The study also examined trends in codeine utilization in pediatric patients for pain-related indications and recommended hydrocodone as a potential substitute when an opioid analgesic is indicated.(1) Although hydrocodone is an effective alternative to codeine with less potential for adverse drug events related to CYP2D6 polymorphisms, there is also concern regarding nonmedical hydrocodone use in the adolescent population.(4) Rates of opioid analgesic prescribing in adolescents has increased significantly over the past decade, which has paralleled increases in misuse, abuse, addiction, and fatalities.(4,5) In fact, opioid-related fatalities have more than doubled in adolescents over the past two decades.(5) Another important trend is that codeine alternatives, such as hydrocodone and oxycodone have been more commonly implicated in the nonmedical use of opioid analgesics among adolescents compared to codeine itself.(4,5) As such, shifting away from codeine prescribing in favor of drugs such as hydrocodone, may unintentionally increase access to drugs more commonly used for nonmedical purposes in this population. To mitigate nonmedical use, prescribers should evaluate whether there is an indication for an opioid analgesic, and if necessary, prescribe the shortest duration possible, with close follow up.(5)
In summary, the author's conclusions highlight the need for increased vigilance in reducing pediatric codeine prescribing; however, providers should also be aware of the potential harm that may result from the inappropriate prescribing of non-codeine alternatives. Additional initiatives will be required not only to curb pediatric codeine prescribing, but also to ensure the safe and effective use of evidenced- based alternative therapies.
References:
1. Kaiser SV, Asteria-Penaloza R, Vittinghoff E, Rosenbluth G, Cabana MD, Bardach NS. National patterns of codeine prescriptions for children in the emergency department. Pediatrics 2014 Apr 21. [Epub ahead of print].
2. Kelly L. Pediatric cough and cold preparations. Pedatr Rev 2004; 25(4):115-123.

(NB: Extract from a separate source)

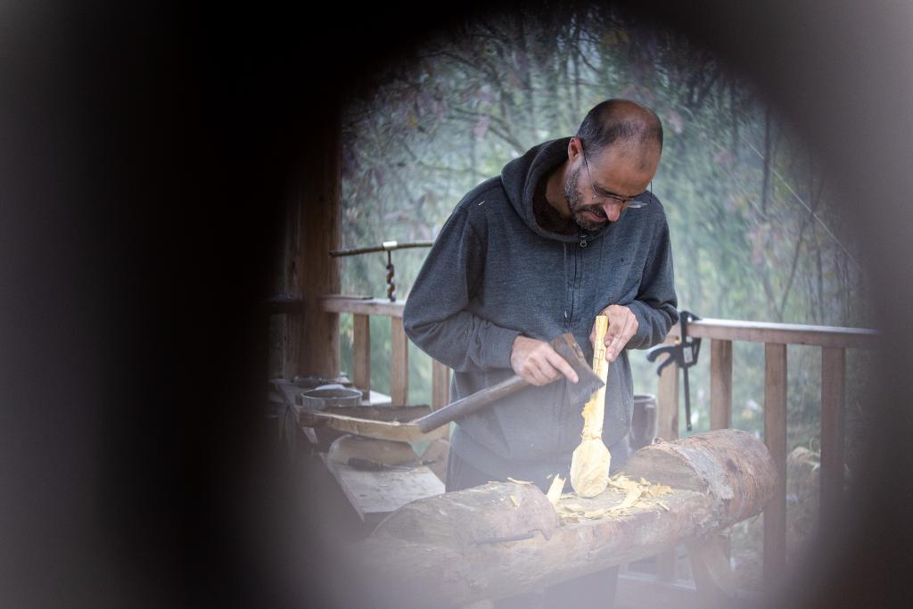 16年前,为学习和研究漆艺,文森从法国来到中国,在城口县北屏乡松柏村定居,在漆树林边生活和创作。

3. American Academy of Pediatrics 2012. Withdrawal of cold medicines: addressing parent concerns. Available at: http://www.aap.org/enus/professional-resources/practice- support/Pages/Withdrawal-of-Cold-Medicines-Addressing-Parent- Concerns.aspx. Accessed April 24, 2014.
4. McCabe SE, West BT, Teter CJ, et al. Medical and nonmedical use of prescription opioids among high school seniors in the United States. Arch Pediatr Adolesc Med 2012; 166(9): 797-802.
5. Mazer-Amirshahi M, Mullins PR, Rasooly IR, van den Anker J, Pines JM. Trends in prescription opioid use in pediatric emergency department patients. Pediatr Emerg Care 2014; 30(4):230-5.